In the 1930s and 1940s, ideas from a variety of fields--including genetics, natural selection, and particulate inheritance--came together to form the current evolutionary theory that explains how evolution occurs through the variations of genes within a population and how those variants change in time as a result of natural selection. This model, known as genetic drift mutation, gene flow and sexual selection, is a key element of current evolutionary biology, and 에볼루션바카라사이트 can be mathematically explained.

Recent developments in the field of evolutionary developmental biology have shown that variations can be introduced into a species via genetic drift, mutation, and reshuffling of genes during sexual reproduction, and also by migration between populations. These processes, as well as others like directional selection and genetic erosion (changes in the frequency of a genotype over time) can result in evolution that is defined as change in the genome of the species over time, and the change in phenotype as time passes (the expression of that genotype within the individual).

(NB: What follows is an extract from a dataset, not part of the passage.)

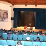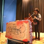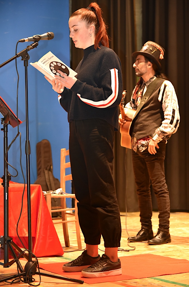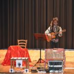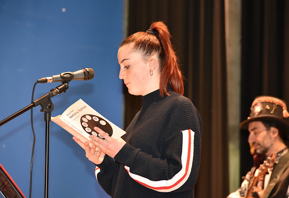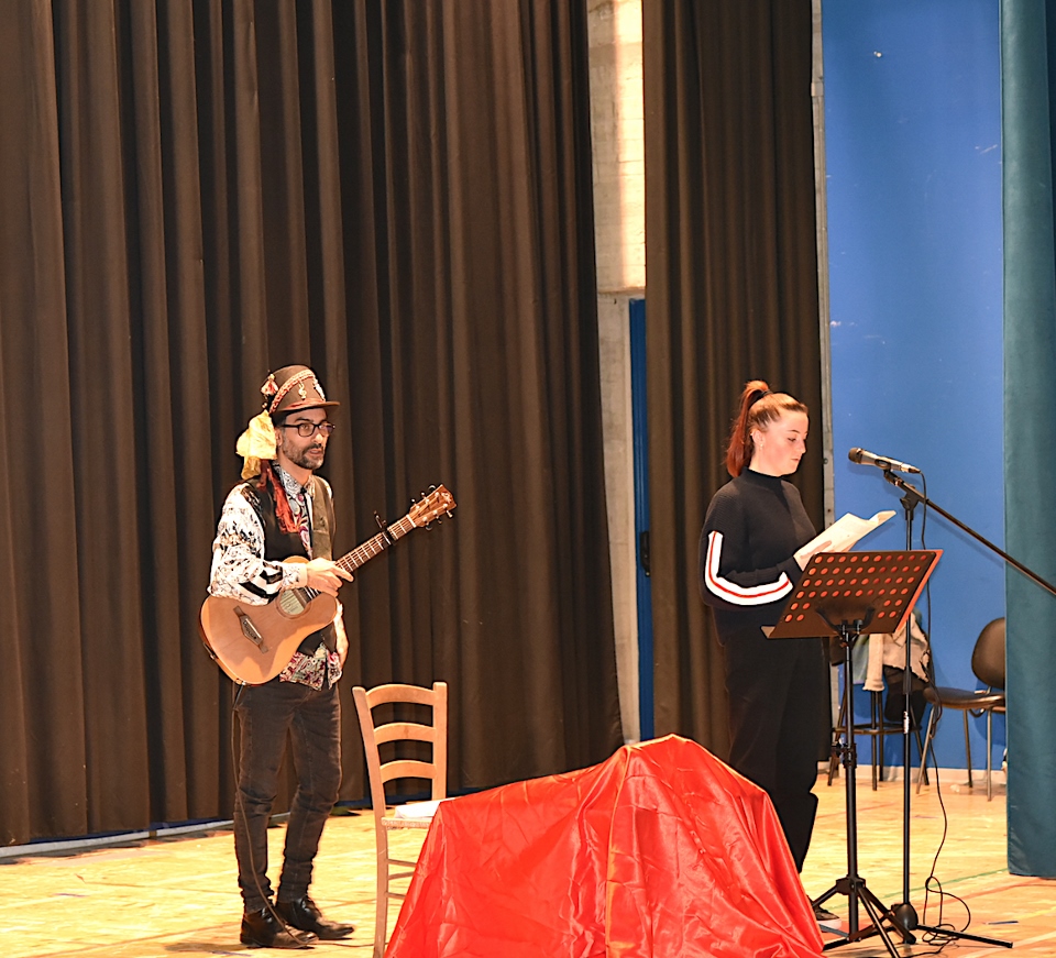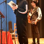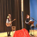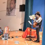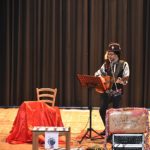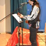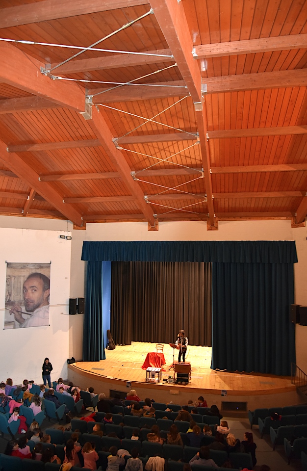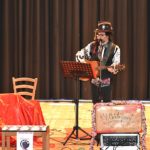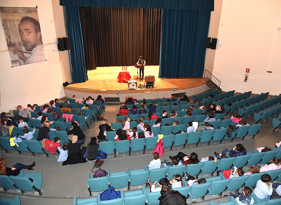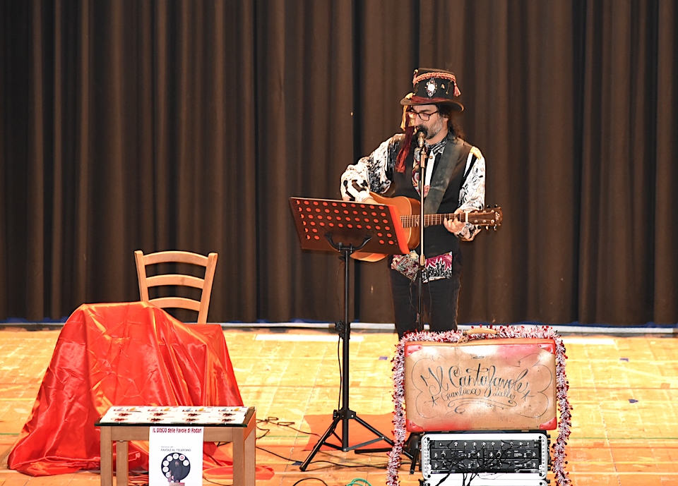 Momenti di grande presa per i piccoli spettatori nell’ascoltare questo grande artista suonare e cantare le favole di Gianni Rodari! Il cantautore ha chiesto collaborazione alle docenti per la lettura di alcune fiabe: tra di esse è salita in palcoscenico anche Daniela Litta (ma è stato coinvolto addirittura il nostro corrispondente e fotografo che, tra l’ilarità dei bimbi che oramai lo conoscono bene, si è cimentato con “Il paese dei Bugiardi” e con “ “Il topo che mangiava i gatti”!).

Students can gain a better understanding of the concept of phylogeny through incorporating evolutionary thinking in all areas of biology. A recent study conducted by Grunspan and colleagues, for example, showed that teaching about the evidence for evolution increased students' understanding of evolution in a college-level biology class. To learn more about how to teach about evolution, read The Evolutionary Potential of All Areas of Biology and Thinking Evolutionarily A Framework for Infusing the Concept of Evolution into Life Sciences Education.

Evolution in Action

Traditionally, scientists have studied evolution by looking back--analyzing fossils, comparing species and studying living organisms. Evolution is not a past moment; it is a process that continues today. Viruses evolve to stay away from new drugs and bacteria evolve to resist antibiotics. Animals alter their behavior because of the changing environment. The changes that occur are often evident.

But it wasn't until the late 1980s that biologists understood that natural selection can be observed in action as well. The key to this is that different traits can confer a different rate of survival and reproduction, and can be passed on from one generation to the next.

In the past, if an allele - the genetic sequence that determines color - was found in a group of organisms that interbred, it could be more common than other allele. In time, this could mean the number of black moths within the population could increase. The same is true for many other characteristics--including morphology and behavior--that vary among populations of organisms.

It is easier to see evolution when the species, like bacteria, has a high generation turnover. Since 1988 biologist Richard Lenski has been tracking twelve populations of E. bacteria that descend from a single strain; samples of each population are taken on a regular basis and 에볼루션 사이트 more than 50,000 generations have now passed.

Lenski's work has demonstrated that a mutation can dramatically alter the efficiency with the rate at which a population reproduces, and consequently the rate at which it alters. It also demonstrates that evolution takes time, a fact that is hard for some to accept.

Another example of microevolution is the way mosquito genes that are resistant to pesticides appear more frequently in populations in which insecticides are utilized. This is due to the fact that the use of pesticides creates a selective pressure that favors those who have resistant genotypes.

The rapidity of evolution has led to a greater recognition of its importance especially in a planet that is largely shaped by human activity. This includes pollution, climate change, and habitat loss that hinders many species from adapting. Understanding evolution can help us make better choices about the future of our planet, as well as the life of its inhabitants.